Note that two exports are catered for - if the parameter “pIncludeRows” is set to “0” then we produce an unencrypted metadata only dump file; if not set to “0” the dump file includes table rows by default and is encrypted with a supplied password. Elsewhere in the code the password is generated on each invocation with 16 random upper/lower/numeric/special characters.

Following Oracle best practices, we do not export STATISTICS, nor do we export DB links, clusters and indextype objects. Very importantly, we also want to exclude SCHEDULER jobs as these would start running in the recovery database after we successfully perform a restore (yes, I did indeed make this error).

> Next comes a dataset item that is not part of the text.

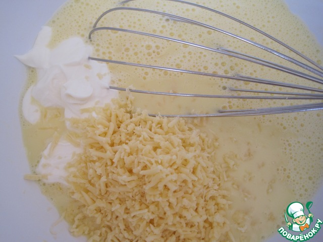 Добавим сметану и тёртый сыр, всё перемешиваем.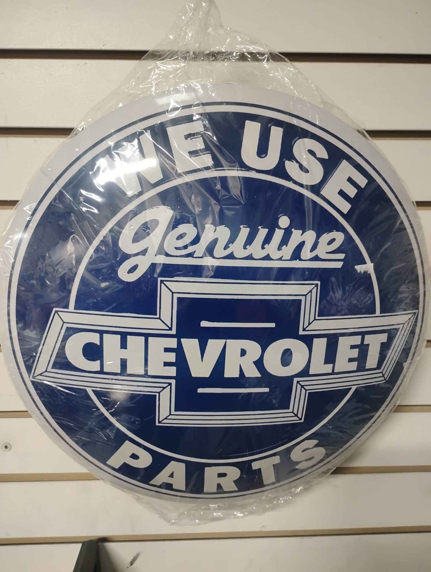 Chevrolet genuine parts 16-in round hubcap style metal sign

OCI “always free” is extremely generous - not only do you get substantial storage, memory and CPU capacity, but you also get all the software options free of charge - and you certainly wouldn't want to pay for the Advanced Security Option that enables us to encrypt our export dump files.

Once the schema exports are complete we can send these together with their log files plus Apex applications, ORDS metadata, object and system grants to our Github repository.